Recent progress in regenerative medicine and tissue engineering has created great expectations for the de novo generation of human tissues that can be used for modelling human disease in vitro and testing drugs, and for regenerative medicine applications. This lecture aspires to lead the audience from the first pivotal steps towards the replacement of human organs to the current reality of regenerative medicine. We will see how the pioneers of the field dealt with ambiguity and criticism, how they overcame insurmountable (for their time) technical problems, and laid the basis of contemporary regenerative medicine. We will then analyse our present technical capacities through successful paradigms (mainly from our own research) on how we can develop human organoids and engineer patient-derived tissues that can be used for modelling human diseases and drug testing, as well as for replacement therapies. Finally, we will highlight the existing limitations and challenges of the field of regenerative medicine and discuss future perspectives.

About the Speaker

Christodoulos Xinaris is a Professor at the University of Nicosia Medical School and Head of the Laboratory of Organ Regeneration at the Mario Negri Institute for Pharmacological Research in Italy.

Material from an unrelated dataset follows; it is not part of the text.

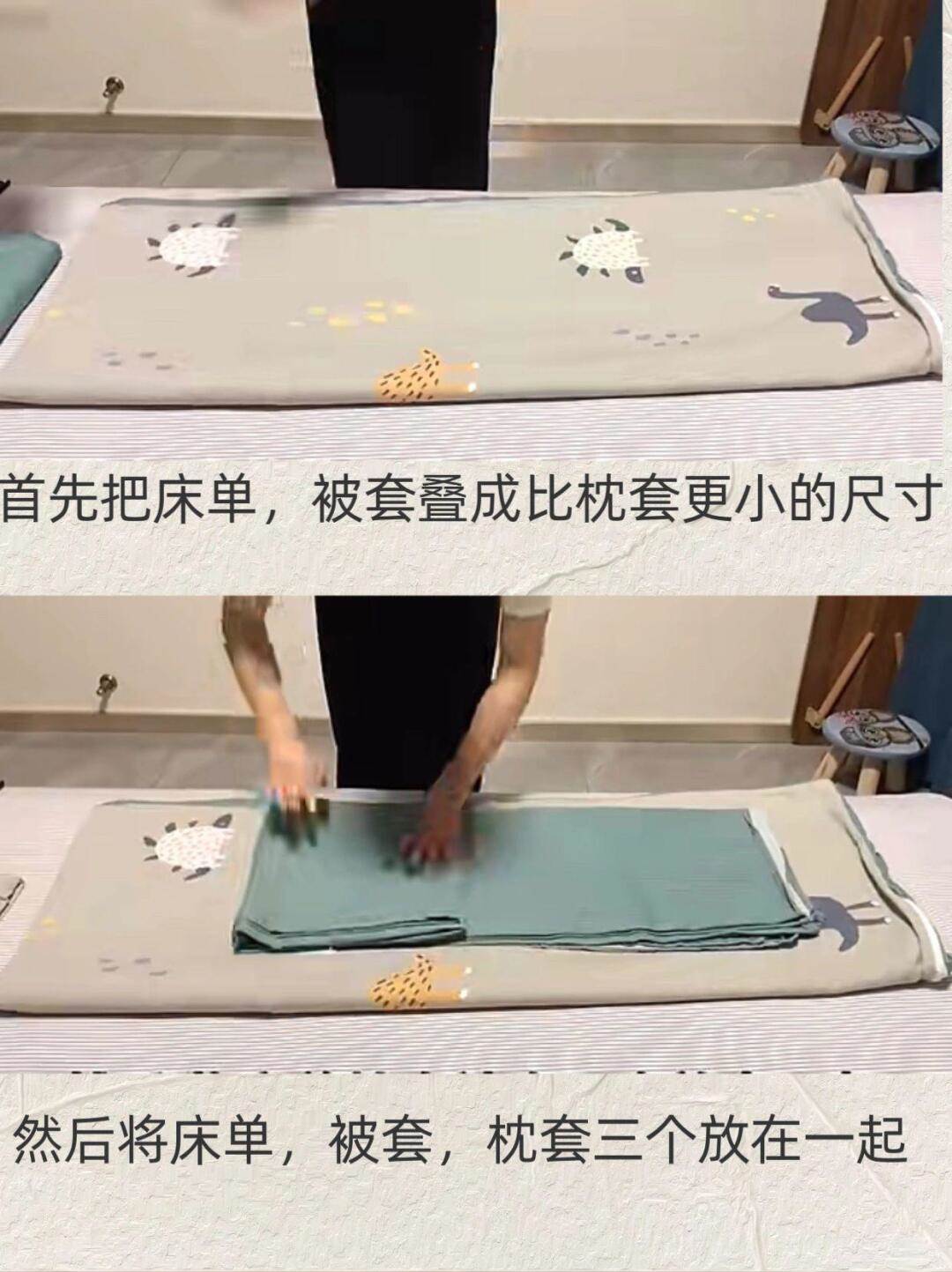 以往我最不喜歡的就是收納四件套了,因為枕套、被罩、床單的尺寸都不一樣,堆在一起總是亂七八糟的。

He has authored and co-authored numerous articles, proceedings, reviews and books in the field of regenerative medicine, and delivered talks at various leading universities. He is a member of the European Commission’s Expert Panel and acts as a reviewer for several international funding agencies as well as for several academic journals. He has also served as scientific adviser in private institutions and companies and in non-governmental organisations, and co-founded and directed a start-up biotech company. In 2016 he was knighted by the President of the Italian Republic for his contribution to science and society.